* [EXTRACTED DATA]:
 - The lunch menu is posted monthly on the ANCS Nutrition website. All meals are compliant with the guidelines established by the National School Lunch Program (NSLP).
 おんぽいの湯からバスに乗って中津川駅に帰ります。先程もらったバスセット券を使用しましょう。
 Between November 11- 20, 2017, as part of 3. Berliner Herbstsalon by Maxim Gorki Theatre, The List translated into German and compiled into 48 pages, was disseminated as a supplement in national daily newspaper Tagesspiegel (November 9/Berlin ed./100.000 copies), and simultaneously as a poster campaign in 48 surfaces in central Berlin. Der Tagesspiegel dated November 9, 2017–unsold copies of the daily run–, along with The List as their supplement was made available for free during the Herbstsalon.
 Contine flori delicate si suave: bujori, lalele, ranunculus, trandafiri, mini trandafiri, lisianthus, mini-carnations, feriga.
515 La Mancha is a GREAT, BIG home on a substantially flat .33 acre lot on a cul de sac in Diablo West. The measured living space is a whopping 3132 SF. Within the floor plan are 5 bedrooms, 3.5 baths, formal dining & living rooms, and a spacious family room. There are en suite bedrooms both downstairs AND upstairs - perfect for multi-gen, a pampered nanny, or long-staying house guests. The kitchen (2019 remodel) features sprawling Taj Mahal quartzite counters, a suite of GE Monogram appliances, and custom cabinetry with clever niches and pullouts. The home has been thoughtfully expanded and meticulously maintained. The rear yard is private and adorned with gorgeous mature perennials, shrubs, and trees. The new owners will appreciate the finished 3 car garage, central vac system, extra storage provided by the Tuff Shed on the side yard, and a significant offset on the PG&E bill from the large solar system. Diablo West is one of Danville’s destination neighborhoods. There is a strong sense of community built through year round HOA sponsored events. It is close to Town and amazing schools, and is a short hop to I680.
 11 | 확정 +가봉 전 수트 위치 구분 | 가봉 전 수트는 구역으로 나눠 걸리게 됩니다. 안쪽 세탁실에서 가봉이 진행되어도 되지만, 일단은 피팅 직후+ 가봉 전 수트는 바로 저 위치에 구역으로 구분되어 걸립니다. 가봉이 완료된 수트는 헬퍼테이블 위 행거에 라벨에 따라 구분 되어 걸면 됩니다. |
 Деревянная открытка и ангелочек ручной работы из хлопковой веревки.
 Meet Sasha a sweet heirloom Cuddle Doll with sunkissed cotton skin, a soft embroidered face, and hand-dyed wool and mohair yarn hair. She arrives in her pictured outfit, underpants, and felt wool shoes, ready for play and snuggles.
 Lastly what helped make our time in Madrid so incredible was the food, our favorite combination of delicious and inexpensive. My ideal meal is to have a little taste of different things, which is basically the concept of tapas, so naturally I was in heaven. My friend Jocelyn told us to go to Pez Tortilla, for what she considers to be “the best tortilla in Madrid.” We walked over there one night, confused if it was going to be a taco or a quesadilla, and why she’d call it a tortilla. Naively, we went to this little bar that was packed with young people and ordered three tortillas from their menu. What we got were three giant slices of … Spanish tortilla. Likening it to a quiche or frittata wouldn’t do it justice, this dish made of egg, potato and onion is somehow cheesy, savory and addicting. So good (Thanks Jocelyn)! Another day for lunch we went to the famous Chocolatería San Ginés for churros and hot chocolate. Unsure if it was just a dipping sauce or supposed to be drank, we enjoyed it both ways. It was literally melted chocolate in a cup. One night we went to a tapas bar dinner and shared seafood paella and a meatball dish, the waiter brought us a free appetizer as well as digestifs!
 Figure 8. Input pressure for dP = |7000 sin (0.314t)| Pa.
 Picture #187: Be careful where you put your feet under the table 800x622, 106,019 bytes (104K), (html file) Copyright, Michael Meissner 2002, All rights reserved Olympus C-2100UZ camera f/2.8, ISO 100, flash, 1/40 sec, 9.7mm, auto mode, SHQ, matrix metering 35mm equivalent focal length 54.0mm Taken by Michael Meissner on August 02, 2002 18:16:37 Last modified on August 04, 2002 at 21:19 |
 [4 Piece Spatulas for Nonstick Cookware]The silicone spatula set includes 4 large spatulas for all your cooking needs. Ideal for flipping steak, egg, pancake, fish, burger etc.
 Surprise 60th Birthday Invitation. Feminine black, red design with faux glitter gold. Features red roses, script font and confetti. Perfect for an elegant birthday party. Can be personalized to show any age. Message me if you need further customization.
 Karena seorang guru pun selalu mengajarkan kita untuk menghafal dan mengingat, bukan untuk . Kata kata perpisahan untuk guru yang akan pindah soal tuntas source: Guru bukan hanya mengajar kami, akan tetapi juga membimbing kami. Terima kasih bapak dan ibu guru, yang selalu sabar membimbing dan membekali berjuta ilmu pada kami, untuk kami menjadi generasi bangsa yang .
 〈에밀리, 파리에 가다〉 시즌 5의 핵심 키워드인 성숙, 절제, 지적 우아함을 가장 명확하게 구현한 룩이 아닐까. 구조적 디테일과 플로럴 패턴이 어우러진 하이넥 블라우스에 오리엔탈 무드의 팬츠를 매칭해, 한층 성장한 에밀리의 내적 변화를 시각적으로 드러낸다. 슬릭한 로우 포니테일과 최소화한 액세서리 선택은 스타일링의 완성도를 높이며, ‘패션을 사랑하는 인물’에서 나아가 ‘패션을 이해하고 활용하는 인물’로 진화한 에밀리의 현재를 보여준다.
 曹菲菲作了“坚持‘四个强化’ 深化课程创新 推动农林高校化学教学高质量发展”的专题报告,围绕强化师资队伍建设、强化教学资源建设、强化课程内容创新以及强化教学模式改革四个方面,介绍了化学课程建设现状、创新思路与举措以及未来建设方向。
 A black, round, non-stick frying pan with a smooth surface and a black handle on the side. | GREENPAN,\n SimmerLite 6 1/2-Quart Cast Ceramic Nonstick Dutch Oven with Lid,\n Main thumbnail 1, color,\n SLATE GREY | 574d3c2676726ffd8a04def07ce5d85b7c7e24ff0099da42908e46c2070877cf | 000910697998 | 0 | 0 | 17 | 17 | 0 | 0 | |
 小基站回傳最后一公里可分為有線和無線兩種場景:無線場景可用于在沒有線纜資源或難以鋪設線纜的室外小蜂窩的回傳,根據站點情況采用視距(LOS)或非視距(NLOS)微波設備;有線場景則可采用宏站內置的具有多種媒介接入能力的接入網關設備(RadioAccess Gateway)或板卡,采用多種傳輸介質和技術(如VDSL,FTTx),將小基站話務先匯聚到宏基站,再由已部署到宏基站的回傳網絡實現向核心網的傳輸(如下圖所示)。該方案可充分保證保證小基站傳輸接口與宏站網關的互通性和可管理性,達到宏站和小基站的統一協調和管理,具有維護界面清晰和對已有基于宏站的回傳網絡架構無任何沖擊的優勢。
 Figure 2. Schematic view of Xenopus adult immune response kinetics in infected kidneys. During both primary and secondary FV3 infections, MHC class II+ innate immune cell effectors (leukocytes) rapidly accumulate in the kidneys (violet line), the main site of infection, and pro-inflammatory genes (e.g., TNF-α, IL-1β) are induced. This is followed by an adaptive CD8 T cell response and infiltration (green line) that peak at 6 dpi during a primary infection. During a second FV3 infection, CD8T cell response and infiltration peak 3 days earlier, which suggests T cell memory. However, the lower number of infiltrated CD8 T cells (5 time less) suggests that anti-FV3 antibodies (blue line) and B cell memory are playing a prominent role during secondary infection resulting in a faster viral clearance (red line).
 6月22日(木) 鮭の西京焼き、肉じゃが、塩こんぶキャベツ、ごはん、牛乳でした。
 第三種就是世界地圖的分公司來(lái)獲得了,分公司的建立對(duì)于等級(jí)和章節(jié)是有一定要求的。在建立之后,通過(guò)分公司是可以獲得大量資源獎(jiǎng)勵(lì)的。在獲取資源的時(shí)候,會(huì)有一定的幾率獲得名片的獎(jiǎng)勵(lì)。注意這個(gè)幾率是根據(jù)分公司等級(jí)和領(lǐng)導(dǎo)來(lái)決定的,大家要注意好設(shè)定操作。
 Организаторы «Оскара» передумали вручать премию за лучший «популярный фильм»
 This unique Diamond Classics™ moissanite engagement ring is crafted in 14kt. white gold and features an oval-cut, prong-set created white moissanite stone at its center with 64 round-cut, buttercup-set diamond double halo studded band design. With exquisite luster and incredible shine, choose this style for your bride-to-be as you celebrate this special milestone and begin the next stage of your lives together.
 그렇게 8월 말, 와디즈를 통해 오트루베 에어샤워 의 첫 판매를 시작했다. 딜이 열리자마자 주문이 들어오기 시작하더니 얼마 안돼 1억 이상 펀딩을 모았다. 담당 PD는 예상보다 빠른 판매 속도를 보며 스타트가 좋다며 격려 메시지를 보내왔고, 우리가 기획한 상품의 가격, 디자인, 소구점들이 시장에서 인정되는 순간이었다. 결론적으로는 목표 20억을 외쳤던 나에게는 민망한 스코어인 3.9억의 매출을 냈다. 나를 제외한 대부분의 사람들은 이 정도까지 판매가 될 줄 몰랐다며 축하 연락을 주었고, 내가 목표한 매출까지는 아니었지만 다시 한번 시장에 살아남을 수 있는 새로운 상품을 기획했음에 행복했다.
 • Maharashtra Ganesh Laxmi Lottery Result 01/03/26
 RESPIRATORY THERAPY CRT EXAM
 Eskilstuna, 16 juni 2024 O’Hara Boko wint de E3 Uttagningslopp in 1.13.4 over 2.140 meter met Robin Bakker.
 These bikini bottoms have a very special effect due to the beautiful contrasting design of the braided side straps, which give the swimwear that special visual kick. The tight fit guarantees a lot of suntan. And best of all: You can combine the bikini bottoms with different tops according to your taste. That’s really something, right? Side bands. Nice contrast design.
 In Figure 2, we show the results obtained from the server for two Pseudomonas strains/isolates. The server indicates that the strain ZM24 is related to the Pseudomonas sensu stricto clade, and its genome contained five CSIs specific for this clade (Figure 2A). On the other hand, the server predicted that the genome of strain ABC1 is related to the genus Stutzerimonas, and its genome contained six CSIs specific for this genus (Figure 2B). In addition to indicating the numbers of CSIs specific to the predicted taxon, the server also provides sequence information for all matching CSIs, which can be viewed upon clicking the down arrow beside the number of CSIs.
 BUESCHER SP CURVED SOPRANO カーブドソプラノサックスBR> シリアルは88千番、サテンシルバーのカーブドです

* [PROBLEM DESCRIPTION]:
Extract exactly and only the lines above from the line containing "Lastly what helped" through the line containing "Picture #187: Be", both end lines included.

* [WRITTEN ANSWER]:
 Lastly what helped make our time in Madrid so incredible was the food, our favorite combination of delicious and inexpensive. My ideal meal is to have a little taste of different things, which is basically the concept of tapas, so naturally I was in heaven. My friend Jocelyn told us to go to Pez Tortilla, for what she considers to be “the best tortilla in Madrid.” We walked over there one night, confused if it was going to be a taco or a quesadilla, and why she’d call it a tortilla. Naively, we went to this little bar that was packed with young people and ordered three tortillas from their menu. What we got were three giant slices of … Spanish tortilla. Likening it to a quiche or frittata wouldn’t do it justice, this dish made of egg, potato and onion is somehow cheesy, savory and addicting. So good (Thanks Jocelyn)! Another day for lunch we went to the famous Chocolatería San Ginés for churros and hot chocolate. Unsure if it was just a dipping sauce or supposed to be drank, we enjoyed it both ways. It was literally melted chocolate in a cup. One night we went to a tapas bar dinner and shared seafood paella and a meatball dish, the waiter brought us a free appetizer as well as digestifs!
 Figure 8. Input pressure for dP = |7000 sin (0.314t)| Pa.
 Picture #187: Be careful where you put your feet under the table 800x622, 106,019 bytes (104K), (html file) Copyright, Michael Meissner 2002, All rights reserved Olympus C-2100UZ camera f/2.8, ISO 100, flash, 1/40 sec, 9.7mm, auto mode, SHQ, matrix metering 35mm equivalent focal length 54.0mm Taken by Michael Meissner on August 02, 2002 18:16:37 Last modified on August 04, 2002 at 21:19 |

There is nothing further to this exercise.